Esta es una indicación bastante clara de las dos naturalezas. Probablemente Jesús se refirió a ese pasaje cuando, después de haber dicho a Nicodemo: “Os es necesario nacer de nuevo”, se sorprendió y le dijo: “¿Eres tú maestro de Israel, y no sabes esto? (Juan 3:7, 10).
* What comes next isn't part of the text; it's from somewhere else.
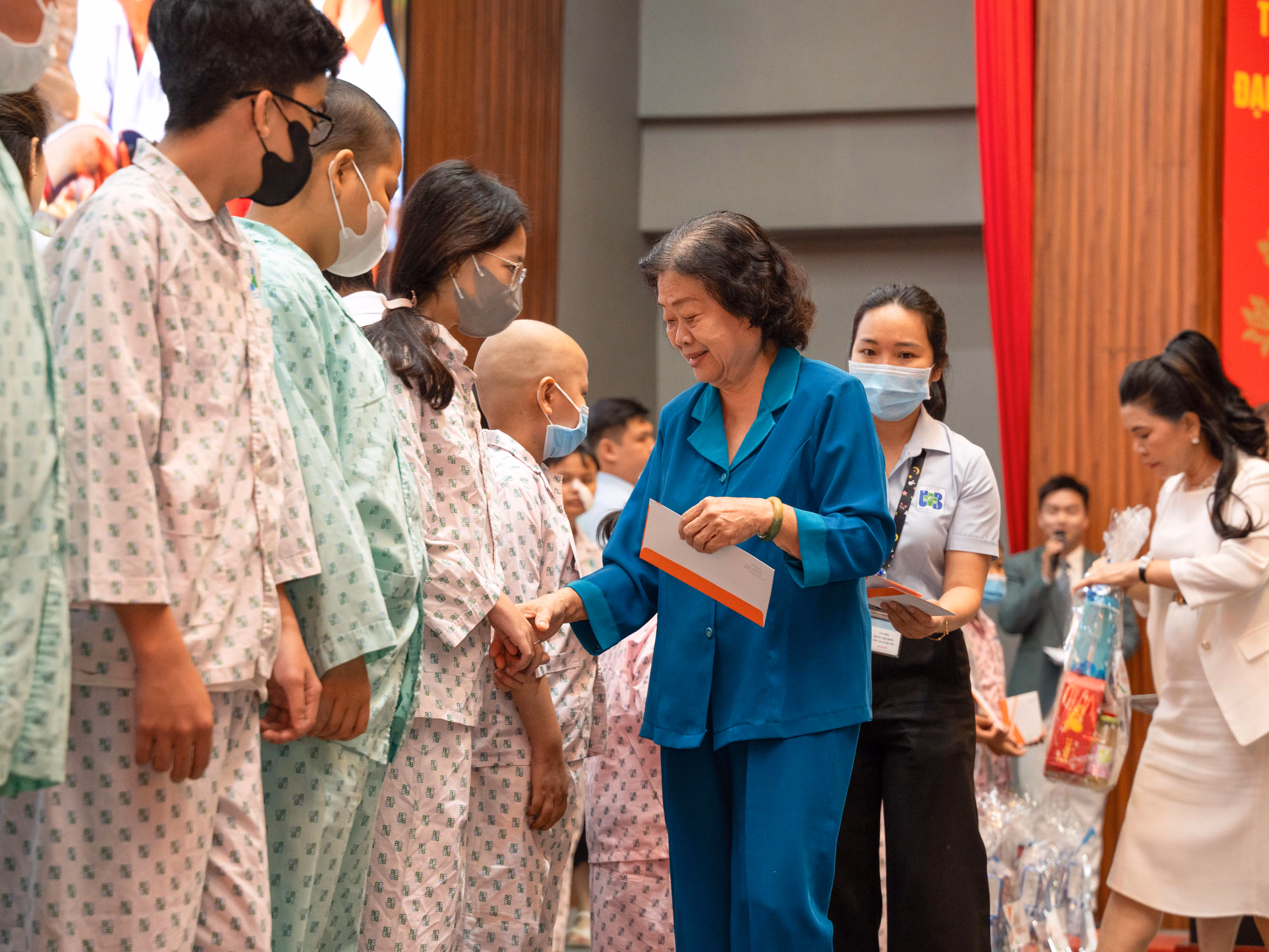 "Những phần quà không lớn về vật chất nhưng mang ý nghĩa tinh thần sâu sắc, góp phần tiếp thêm nghị lực cho các em nhỏ và gia đình", nguyên Phó Chủ tịch nước Trương Mỹ Hoa nói.

Respecto a esto, se puede citar también la lucha de Jacob con Dios en Génesis 32. Jacob, (cuyo nombre significa: suplantador) recibió el nombre de Israel, (que significa: vencedor, o príncipe de Dios). Esto evoca las dos naturalezas del creyente. En la primera parte de la lucha, se dice que Dios vio que no podía con él (v. 25). Simbólicamente, esto nos enseña que la carne es tan mala que Dios mismo no puede doblegarla. Entonces la quebranta. Toca el sitio del encaje del muslo de Jacob, que se descoyunta. “Por cuanto los designios de la carne son enemistad contra Dios; porque no se sujetan a la ley de Dios, ni tampoco pueden” (Romanos 8:7). En la segunda parte de la lucha, está en acción la fe de Jacob: “No te dejaré, si no me bendices” (Génesis 32:26). Desea absolutamente la bendición divina, como en otras ocasiones de su vida, pero esta vez sin introducir medios carnales para conseguirla. Y Dios accede: “No se dirá más tu nombre Jacob, sino Israel; porque has luchado con Dios y con los hombres, y has vencido... Y lo bendijo allí” (v. 28-29). Es una escena muy notable, de la cual los israelitas no podían comprender todo su alcance, pero que prefigura e ilustra las enseñanzas de las epístolas del Nuevo Testamento.

3) La muerte y la resurrección de Cristo como fundamento de nuestra completa liberación

Nuestra salvación, en el sentido de nuestra liberación del juicio de Dios porque Cristo cargó nuestros pecados y murió por nosotros, está ilustrada por numerosas figuras del Antiguo Testamento, en particular por todos los sacrificios por el pecado. Pero nuestra salvación tiene otro aspecto, más completo. Nuestra completa liberación del pecado se basa en nuestra identificación con Cristo en su muerte y resurrección, en el hecho de que Dios nos ve muertos y resucitados con Él.

Este aspecto de la liberación, al parecer, no es presentado a Israel, ni en instituciones levíticas, ni en anuncios proféticos. Pero una vez más, se puede encontrar algo en el Antiguo Testamento como una sombra o figura. Pensamos en el cruce del Jordán, en Josué 4 y 5. El arca, figura de Cristo, entró en el río, figura de la muerte. Las aguas se detuvieron. Siguiendo al arca, el pueblo pasó en seco. Se erigió un monumento de doce piedras en el lecho del Jordán, y otro en la orilla del río, del lado del país dado a Israel. Estos dos monumentos representan al pueblo —o los creyentes— en dos condiciones que corresponden a lo que el Nuevo Testamento designa como “muerto con Cristo” y “resucitado con Cristo” (Colosenses 2:20; 3:1). Estas cosas se escribieron para nosotros, para que podamos contemplar los planes que estaban en el corazón de Dios desde la eternidad.

Cada cosa a su tiempo

La época de la ley fue una prueba para el hombre, una prueba que manifestó su estado irrecuperable. Durante este período, Dios fortaleció la fe de los suyos anunciándoles que tenía recursos maravillosos reservados. Pero los resultados de esta prueba no podían ser revelados antes que esta fuera acabada. El rechazo y la crucifixión de Cristo “llenaron la medida” de la maldad del hombre y pusieron el punto final a esta prueba (compárese con Mateo 23:32). Por otro lado, los resultados gloriosos de la obra de Cristo no podían ser revelados hasta que esta fuera cumplida y terminada, e incluso puede decirse, antes de que el Espíritu Santo fuera enviado a la tierra para conducir a los creyentes a toda la verdad (compárese con Juan 16:13).